Word for word, return each entry that follows, with every image removed.

Collected data entries
[Start of Attachment]

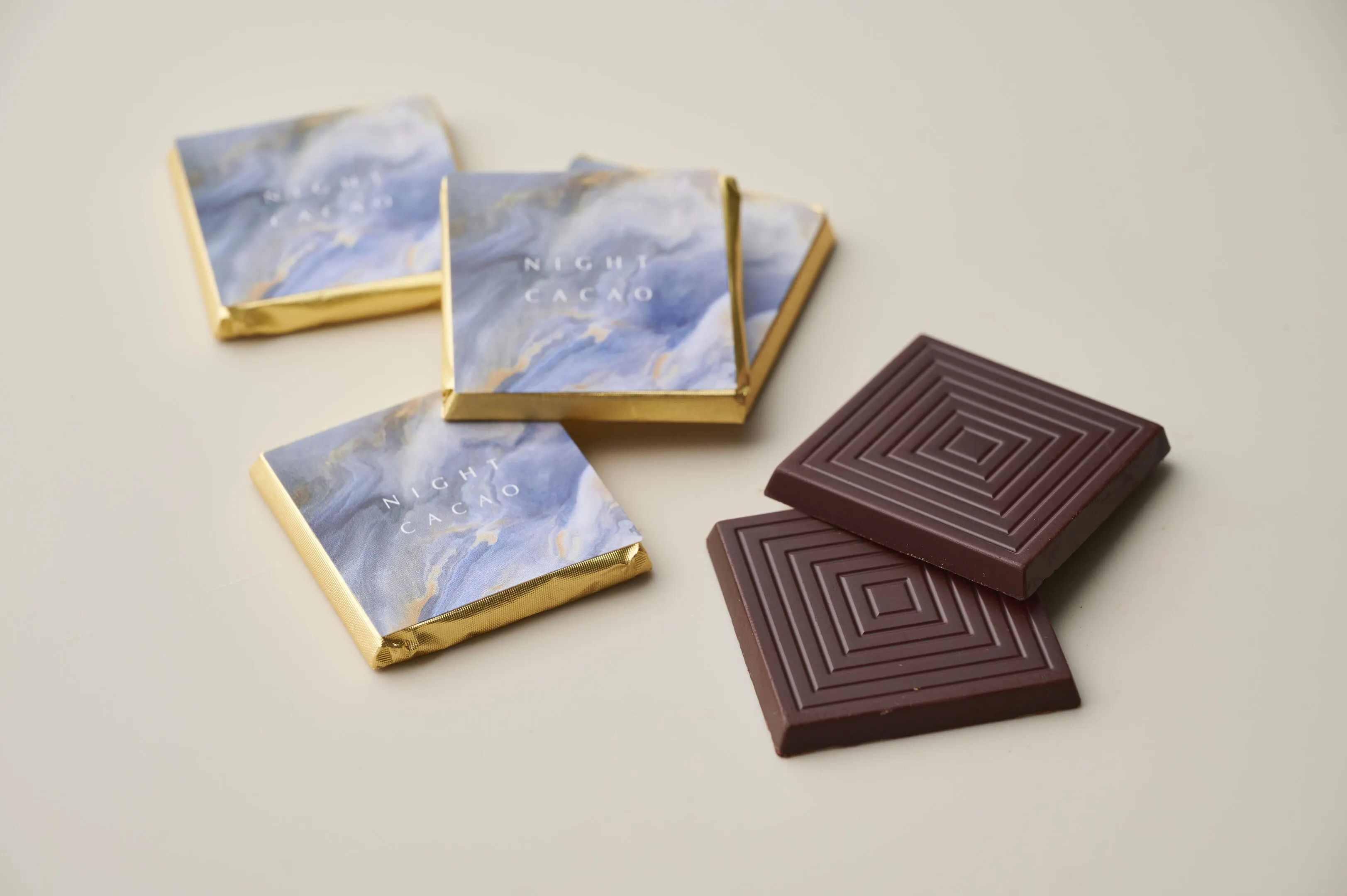 一口タイプの板チョコレート。食事の前に食べるとドカ食いを防ぐ効果もあります。食後のウイスキーやワインなどのおつまみにも。エステサロンの施術後にも。
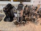 - kitchenware: coffee machines, glassware, pots and pans, trays, knives, utensils, glassware, silverware and plate sets featuring brands like Villeroy & Boch, Wedgewood, Spode, Limoges, etc
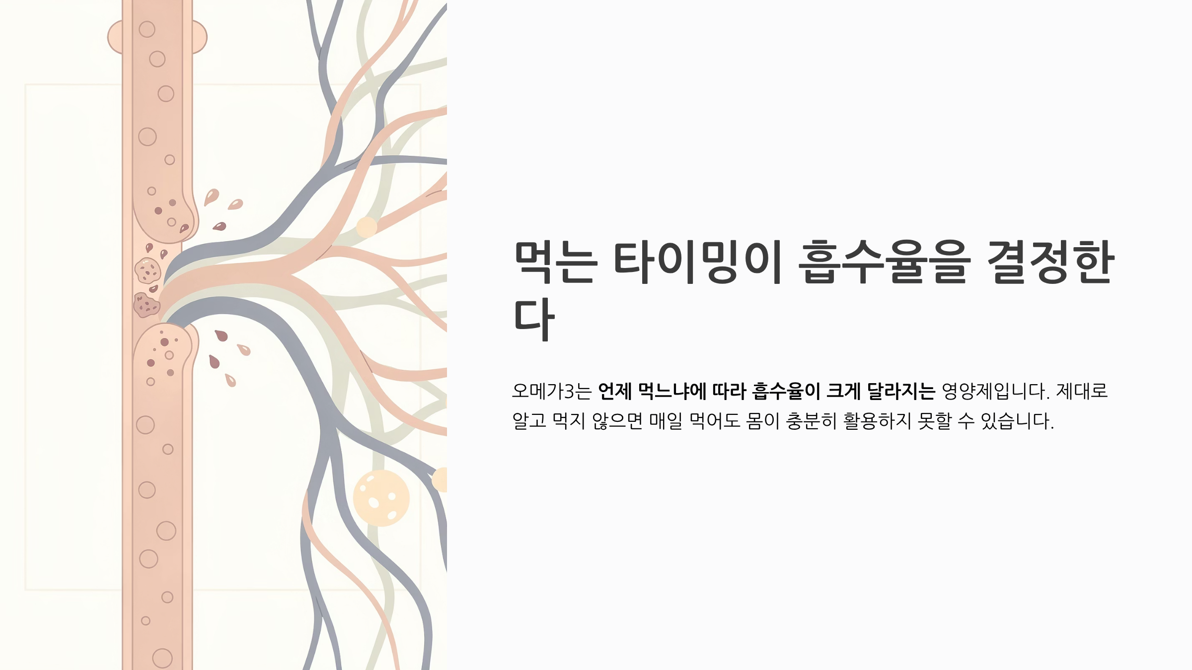 오메가3, 챙겨 드시고 계신가요? 주변에서 "몸에 좋다"고 해서 사놓은 채 아무 때나 생각날 때마다 한 알씩 털어넣는 분들 정말 많습니다. 아침에 일어나자마자 먹기도 하고, 자기 전에 생각나서 먹기도 하고, 심지어 공복에 먹다가 비린 냄새에 고생하신 적도 있을 텐데요.
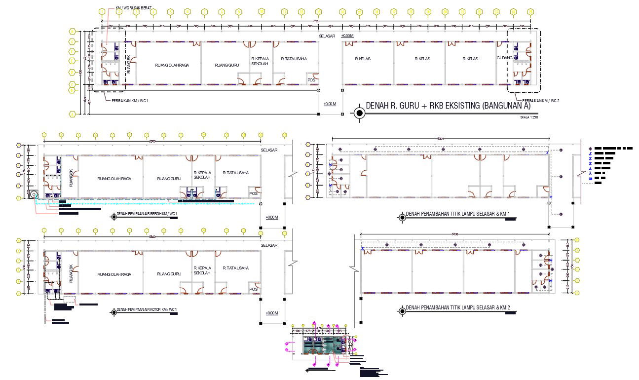2D CAD drawing of school project design includes floor layout plan with dimension detail and center line plan design DWG file. download school plan with toilet AutoCAD file.
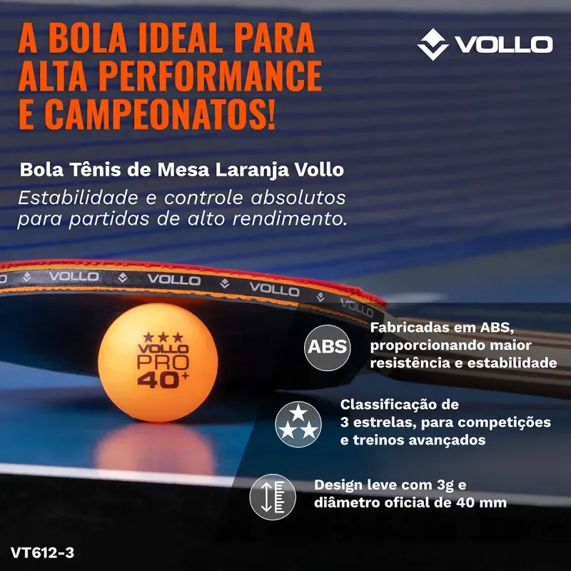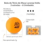 A Bola de Tênis de Mesa Laranja com 6 Unidades Vollo possui resistência, durabilidade e qualidade acima da média, graças aos rigorosos processos de fabricação que seguem as especificações técnicas das federações e confederações de tênis de mesa. Além de testes contínuos em laboratório que garante a excelência do produto.

[End of Attachment]

• Response to the task:
 一口タイプの板チョコレート。食事の前に食べるとドカ食いを防ぐ効果もあります。食後のウイスキーやワインなどのおつまみにも。エステサロンの施術後にも。
 - kitchenware: coffee machines, glassware, pots and pans, trays, knives, utensils, glassware, silverware and plate sets featuring brands like Villeroy & Boch, Wedgewood, Spode, Limoges, etc
 오메가3, 챙겨 드시고 계신가요? 주변에서 "몸에 좋다"고 해서 사놓은 채 아무 때나 생각날 때마다 한 알씩 털어넣는 분들 정말 많습니다. 아침에 일어나자마자 먹기도 하고, 자기 전에 생각나서 먹기도 하고, 심지어 공복에 먹다가 비린 냄새에 고생하신 적도 있을 텐데요.
2D CAD drawing of school project design includes floor layout plan with dimension detail and center line plan design DWG file. download school plan with toilet AutoCAD file.
 A Bola de Tênis de Mesa Laranja com 6 Unidades Vollo possui resistência, durabilidade e qualidade acima da média, graças aos rigorosos processos de fabricação que seguem as especificações técnicas das federações e confederações de tênis de mesa. Além de testes contínuos em laboratório que garante a excelência do produto.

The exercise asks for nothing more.